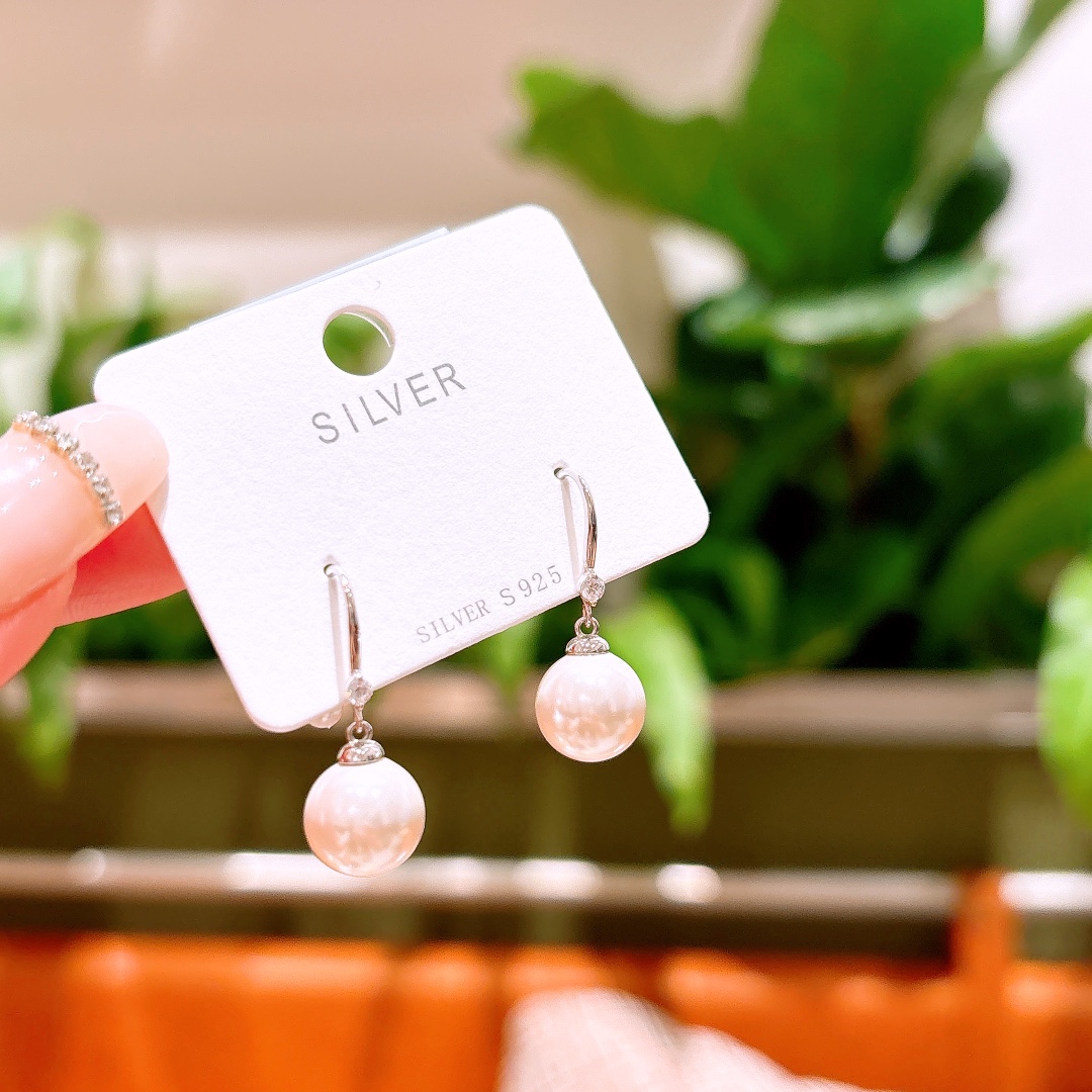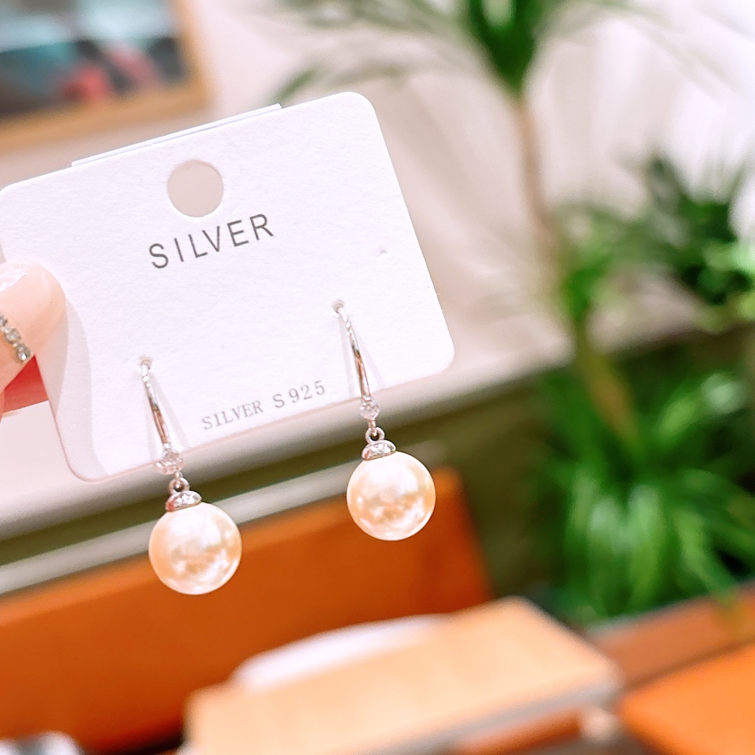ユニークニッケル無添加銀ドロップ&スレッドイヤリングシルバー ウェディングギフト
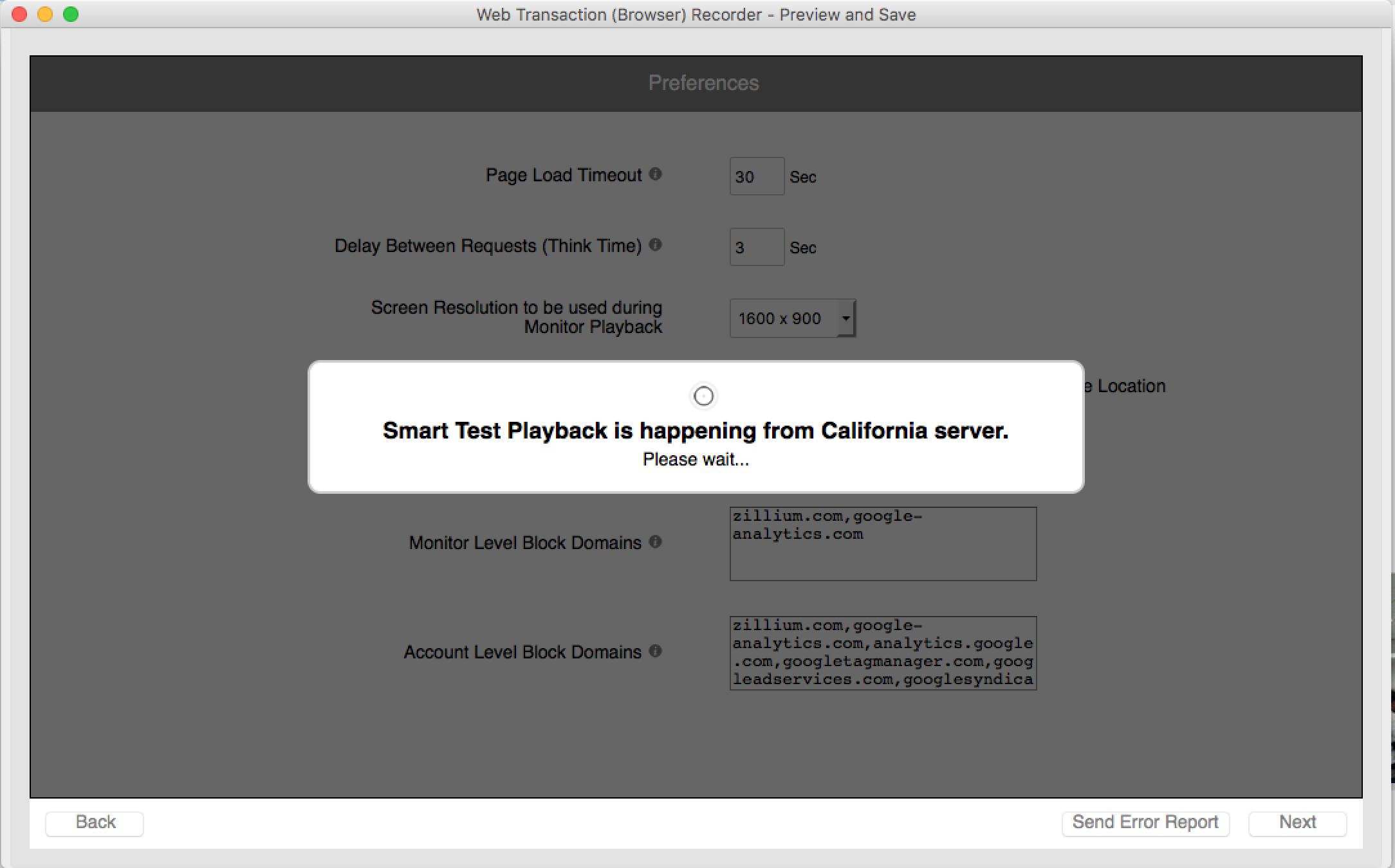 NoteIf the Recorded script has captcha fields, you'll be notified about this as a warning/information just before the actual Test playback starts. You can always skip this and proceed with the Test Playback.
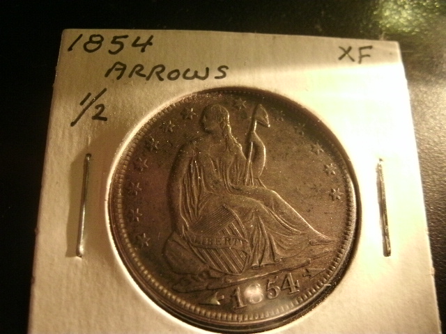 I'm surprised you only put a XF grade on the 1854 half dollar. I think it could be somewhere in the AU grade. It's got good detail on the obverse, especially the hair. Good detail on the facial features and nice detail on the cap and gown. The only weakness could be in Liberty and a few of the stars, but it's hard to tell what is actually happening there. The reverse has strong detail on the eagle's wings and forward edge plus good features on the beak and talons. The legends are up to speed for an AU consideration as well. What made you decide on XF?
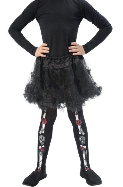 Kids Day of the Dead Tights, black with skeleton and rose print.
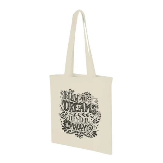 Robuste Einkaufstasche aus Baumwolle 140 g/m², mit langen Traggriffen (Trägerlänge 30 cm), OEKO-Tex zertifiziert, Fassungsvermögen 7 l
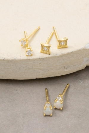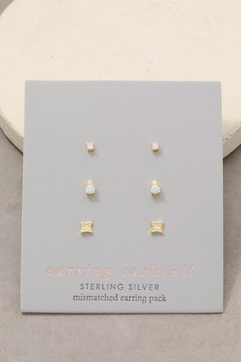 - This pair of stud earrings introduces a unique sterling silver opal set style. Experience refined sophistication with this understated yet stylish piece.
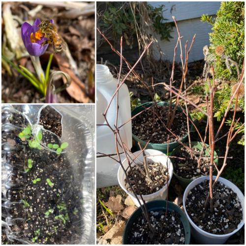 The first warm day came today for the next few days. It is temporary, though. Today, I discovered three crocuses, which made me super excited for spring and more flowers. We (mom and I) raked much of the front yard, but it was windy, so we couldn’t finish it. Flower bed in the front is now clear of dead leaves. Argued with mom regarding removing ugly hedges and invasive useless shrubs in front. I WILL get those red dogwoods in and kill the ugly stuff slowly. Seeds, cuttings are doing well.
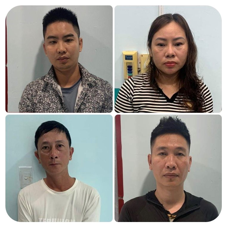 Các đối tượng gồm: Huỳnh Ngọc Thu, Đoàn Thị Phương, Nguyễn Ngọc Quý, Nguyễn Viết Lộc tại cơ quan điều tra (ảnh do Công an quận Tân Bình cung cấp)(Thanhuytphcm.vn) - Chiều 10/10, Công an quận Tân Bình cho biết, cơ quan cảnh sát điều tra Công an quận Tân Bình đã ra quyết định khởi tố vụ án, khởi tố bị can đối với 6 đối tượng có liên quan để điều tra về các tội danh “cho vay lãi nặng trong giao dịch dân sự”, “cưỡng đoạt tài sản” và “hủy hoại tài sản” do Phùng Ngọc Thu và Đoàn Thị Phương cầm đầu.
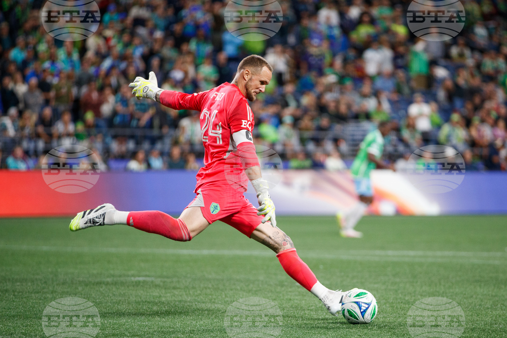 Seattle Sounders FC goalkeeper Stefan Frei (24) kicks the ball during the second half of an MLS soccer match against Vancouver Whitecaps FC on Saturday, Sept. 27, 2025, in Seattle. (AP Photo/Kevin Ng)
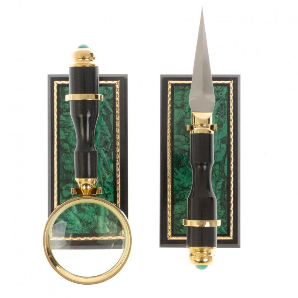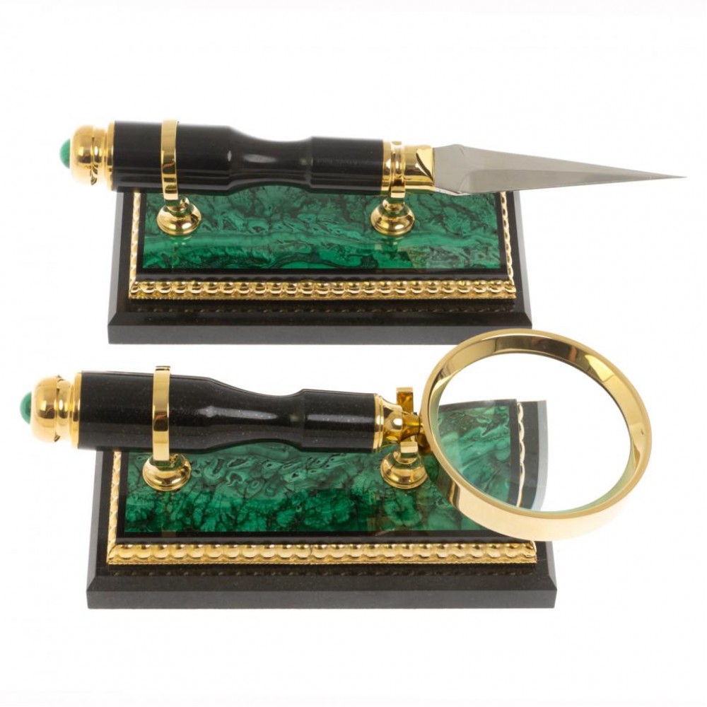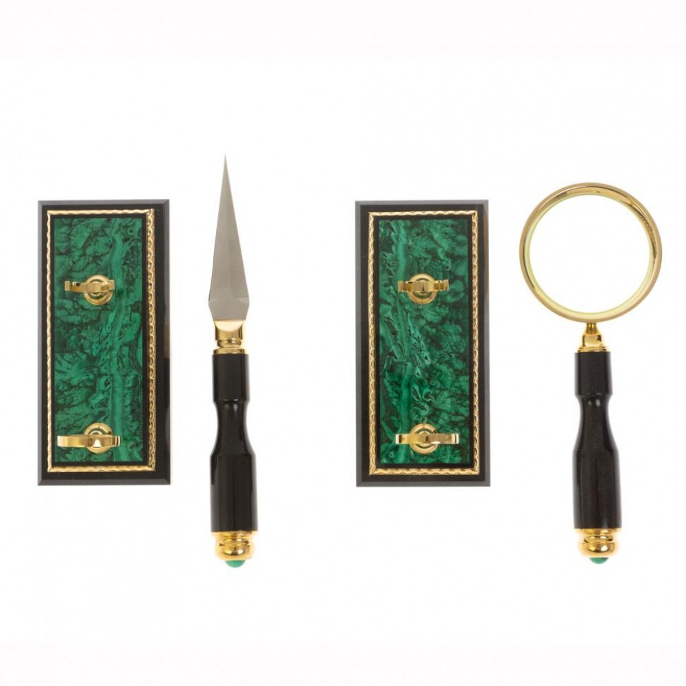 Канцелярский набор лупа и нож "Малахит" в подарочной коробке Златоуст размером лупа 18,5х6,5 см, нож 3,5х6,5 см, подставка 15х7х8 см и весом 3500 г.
────
**TASK PROMPT**
Restate the listing above word for word, and skip the pictures.

**SOLVED EXERCISE**
ユニークニッケル無添加銀ドロップ&スレッドイヤリングシルバー ウェディングギフト
 NoteIf the Recorded script has captcha fields, you'll be notified about this as a warning/information just before the actual Test playback starts. You can always skip this and proceed with the Test Playback.
 I'm surprised you only put a XF grade on the 1854 half dollar. I think it could be somewhere in the AU grade. It's got good detail on the obverse, especially the hair. Good detail on the facial features and nice detail on the cap and gown. The only weakness could be in Liberty and a few of the stars, but it's hard to tell what is actually happening there. The reverse has strong detail on the eagle's wings and forward edge plus good features on the beak and talons. The legends are up to speed for an AU consideration as well. What made you decide on XF?
 Kids Day of the Dead Tights, black with skeleton and rose print.
 Robuste Einkaufstasche aus Baumwolle 140 g/m², mit langen Traggriffen (Trägerlänge 30 cm), OEKO-Tex zertifiziert, Fassungsvermögen 7 l
 - This pair of stud earrings introduces a unique sterling silver opal set style. Experience refined sophistication with this understated yet stylish piece.
 The first warm day came today for the next few days. It is temporary, though. Today, I discovered three crocuses, which made me super excited for spring and more flowers. We (mom and I) raked much of the front yard, but it was windy, so we couldn’t finish it. Flower bed in the front is now clear of dead leaves. Argued with mom regarding removing ugly hedges and invasive useless shrubs in front. I WILL get those red dogwoods in and kill the ugly stuff slowly. Seeds, cuttings are doing well.
 Các đối tượng gồm: Huỳnh Ngọc Thu, Đoàn Thị Phương, Nguyễn Ngọc Quý, Nguyễn Viết Lộc tại cơ quan điều tra (ảnh do Công an quận Tân Bình cung cấp)(Thanhuytphcm.vn) - Chiều 10/10, Công an quận Tân Bình cho biết, cơ quan cảnh sát điều tra Công an quận Tân Bình đã ra quyết định khởi tố vụ án, khởi tố bị can đối với 6 đối tượng có liên quan để điều tra về các tội danh “cho vay lãi nặng trong giao dịch dân sự”, “cưỡng đoạt tài sản” và “hủy hoại tài sản” do Phùng Ngọc Thu và Đoàn Thị Phương cầm đầu.
 Seattle Sounders FC goalkeeper Stefan Frei (24) kicks the ball during the second half of an MLS soccer match against Vancouver Whitecaps FC on Saturday, Sept. 27, 2025, in Seattle. (AP Photo/Kevin Ng)
 Канцелярский набор лупа и нож "Малахит" в подарочной коробке Златоуст размером лупа 18,5х6,5 см, нож 3,5х6,5 см, подставка 15х7х8 см и весом 3500 г.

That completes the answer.